▶ Stored data:
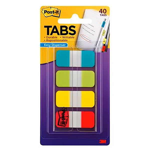 Make it easy to quickly organize binders, notebooks, planners and more Easy to write on and simple to remove and reposition Tabs are durable, you can write on them, and reposition as needed Sticks securely, removes cleanly when you are finished using them Assorted bright colors give you flexibility to organize by color The dispenser keeps Tabs organized and easy to find Extra thickness prevents wear and tear Pack of 40 tabs
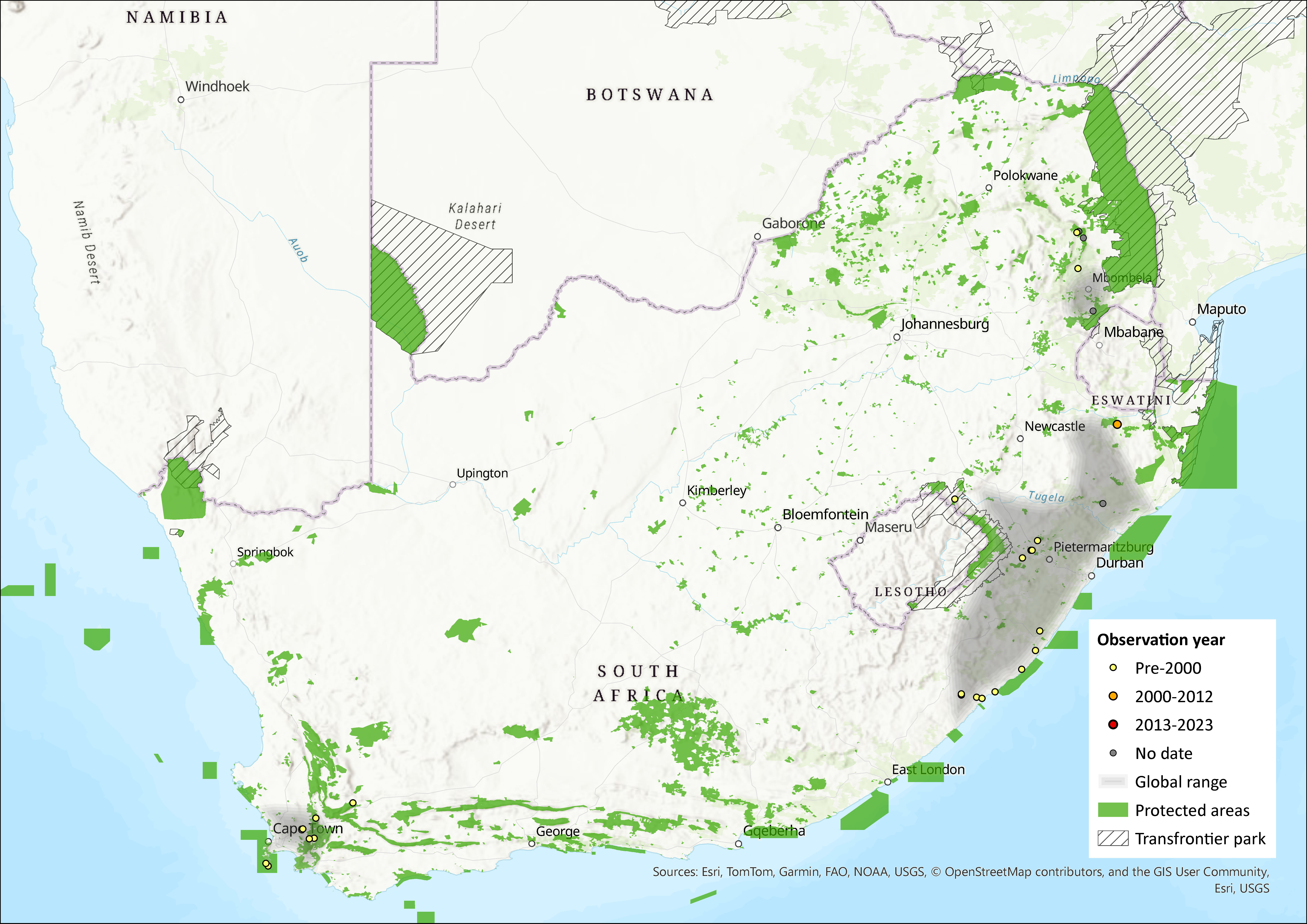 - Long-term, systematic monitoring is needed to establish subpopulation trends and threat levels, particularly in KwaZulu-Natal and Mpumalanga.
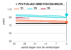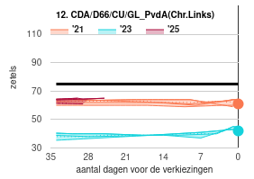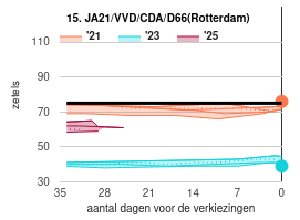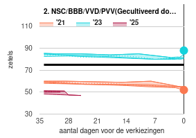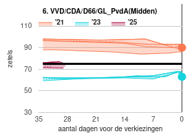 Er wordt een zogenaamde consolidated range getoond. De consolidated range wordt bepaald door het minimum en maximum van de diverse peilingen te bepalen. Tip voor als je verder wil terugkijken: klik in de grafiek op '' en je ziet een grafiek met alle coalities van de de laatste 3 maanden voorafgaand aan alle verkiezingen vanaf 2006.
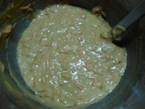 Agregar la zanahoria rallada y mezclar con la ayuda de una espátula. Si quieren usar nueces, agregarlas en este momento, junto con las zanahorias. Ojo que si le ponen nueces, entonces saldrán más muffins, tomen nota que sólo con las zanahorias me salieron 27.
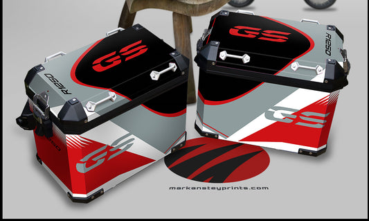 BMW R1250 GS (2023) Vario Pannier Decals - Rallye Red, Blue and Black Decals
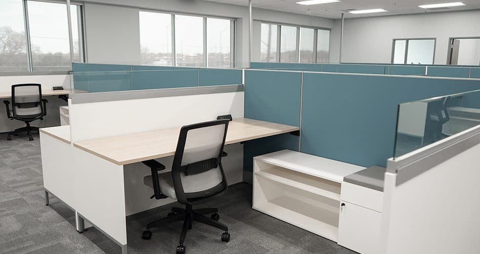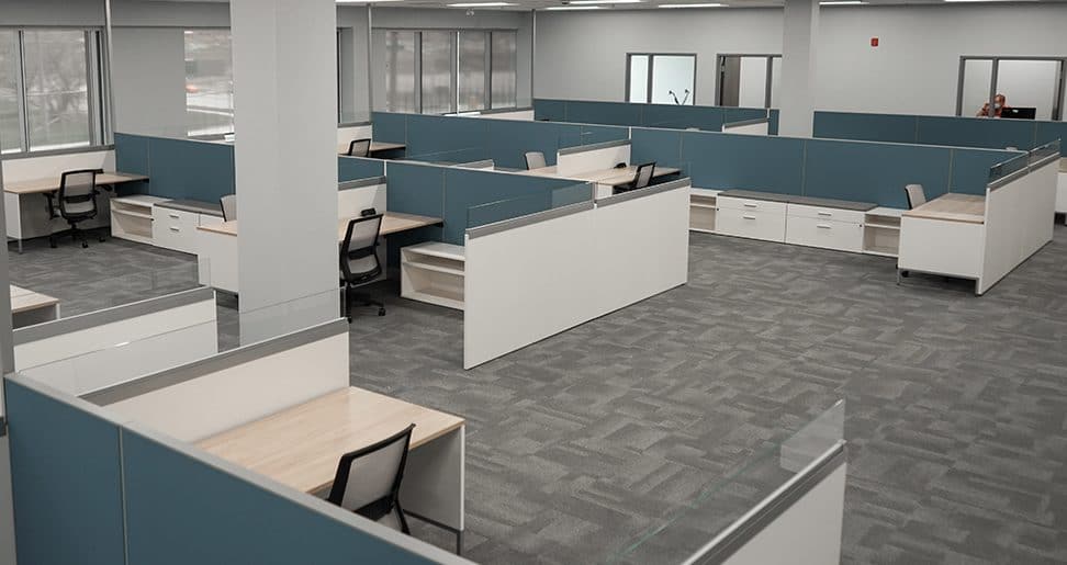 The new building’s stunning exterior, offering large-scale windows illuminated the space with natural light. In addition to workstations that fit each worker’s unique functions, Amphenol also wanted to ensure that the furniture did not interfere with natural lighting. Switch panels were chosen at 42” H with 8”H panel-mounted clear glass blades to allow ample light flow.

▶ Work request: The answer must be the exact lines from the line with "Agregar la zanahoria" to the final line of the data, both ends included, with no pictures.

▶ Answer box:
 Agregar la zanahoria rallada y mezclar con la ayuda de una espátula. Si quieren usar nueces, agregarlas en este momento, junto con las zanahorias. Ojo que si le ponen nueces, entonces saldrán más muffins, tomen nota que sólo con las zanahorias me salieron 27.
 BMW R1250 GS (2023) Vario Pannier Decals - Rallye Red, Blue and Black Decals
 The new building’s stunning exterior, offering large-scale windows illuminated the space with natural light. In addition to workstations that fit each worker’s unique functions, Amphenol also wanted to ensure that the furniture did not interfere with natural lighting. Switch panels were chosen at 42” H with 8”H panel-mounted clear glass blades to allow ample light flow.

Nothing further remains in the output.